Of adults with hypercortisolism, 66% had no imaging abnormality found on a CT scan, whereas 23.2% had a unilateral adrenal adenoma, making them potential candidates for surgery, according to Fonseca.
“People normally come in with an adrenal adenoma and then we do the DST,” Fonseca said. “We’ve done it the other way around, not knowing that 23% of them had an adrenal adenoma.”
The odds of having an abnormal adrenal CT scan were higher in men vs. women and for adults with a higher medication burden.

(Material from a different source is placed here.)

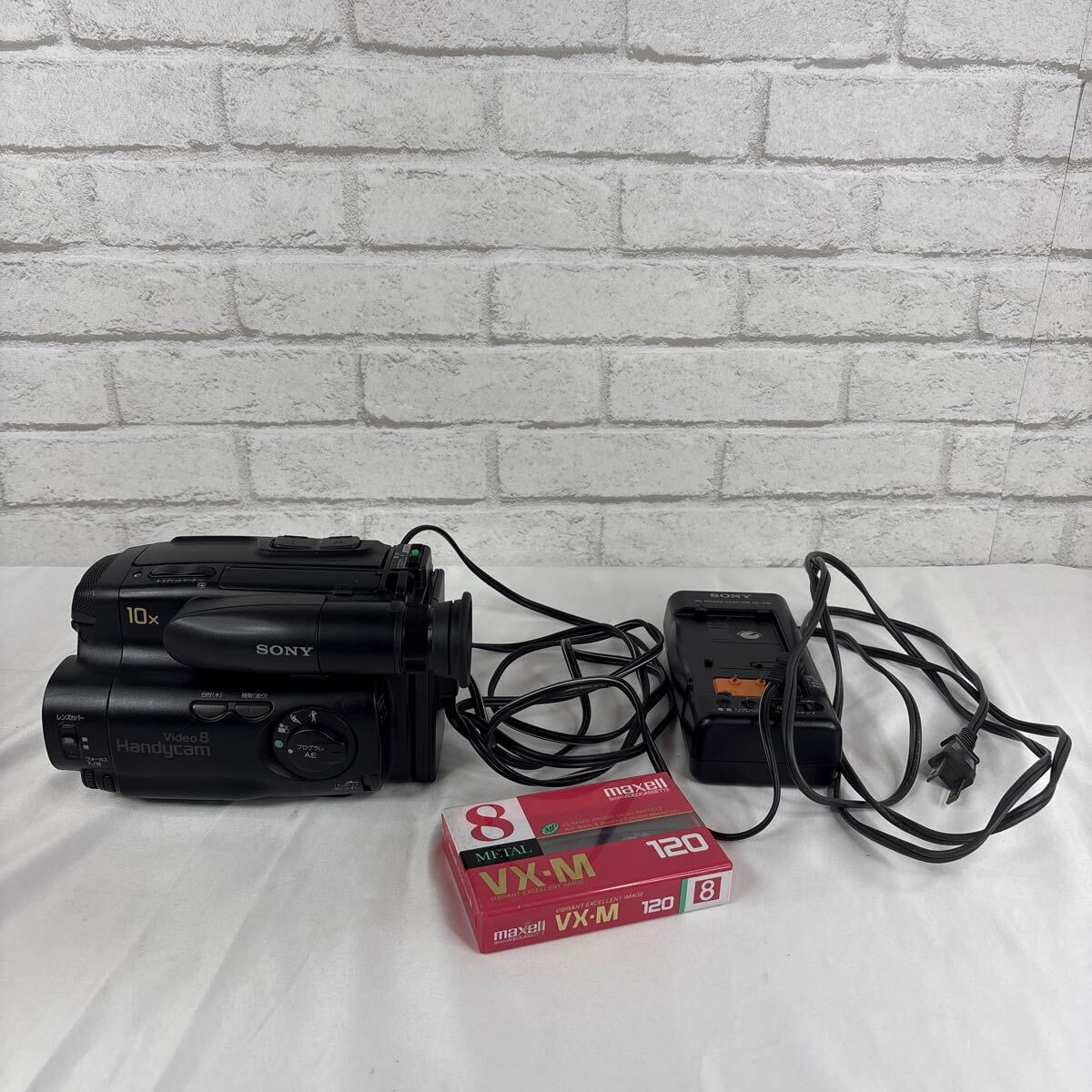 > SONY Handycam Video8 ビデオカメラ CCD-TR212 ACアダプター付き 通電確認済み 8mmビデオカセット付き ジャンク扱い

Potentially ‘paradigm changing’
After identifying adults with hypercortisolism, researchers will assess the efficacy of medical therapy in part two of the CATALYST trial. The trial’s second part is ongoing and scheduled to be completed in the fourth quarter. In part two, 136 adults diagnosed with hypercortisolism in part one were randomly assigned, 2:1, to mifepristone (Korlym, Corcept Therapeutics), a cortisol receptor blocker, or placebo for 24 weeks. The primary outcome of part two is change in HbA1c from baseline to week 24.
The findings from part two of the trial could have enormous implications on the treatment of type 2 diabetes and potentially other cardiometabolic diseases in the future, according to Buse. He said if mifepristone demonstrates efficacy, it could lead to a new pathway for treating diabetes among adults not responding to other medications.
Buse added the study could have implications beyond medical therapy. The higher than expected prevalence of hypercortisolism could call for changes in screening guidance. However, Buse said part two of the CATALYST study needs to be completed to see whether treating adults with hypercortisolism and poorly controlled type 2 diabetes with mifepristone shows a benefit.
“If the second half of the study is positive ... I would push very hard [for guideline changes],” Buse told Healio. “I think this is paradigm-changing data, but we need the second part of the experiment to push.”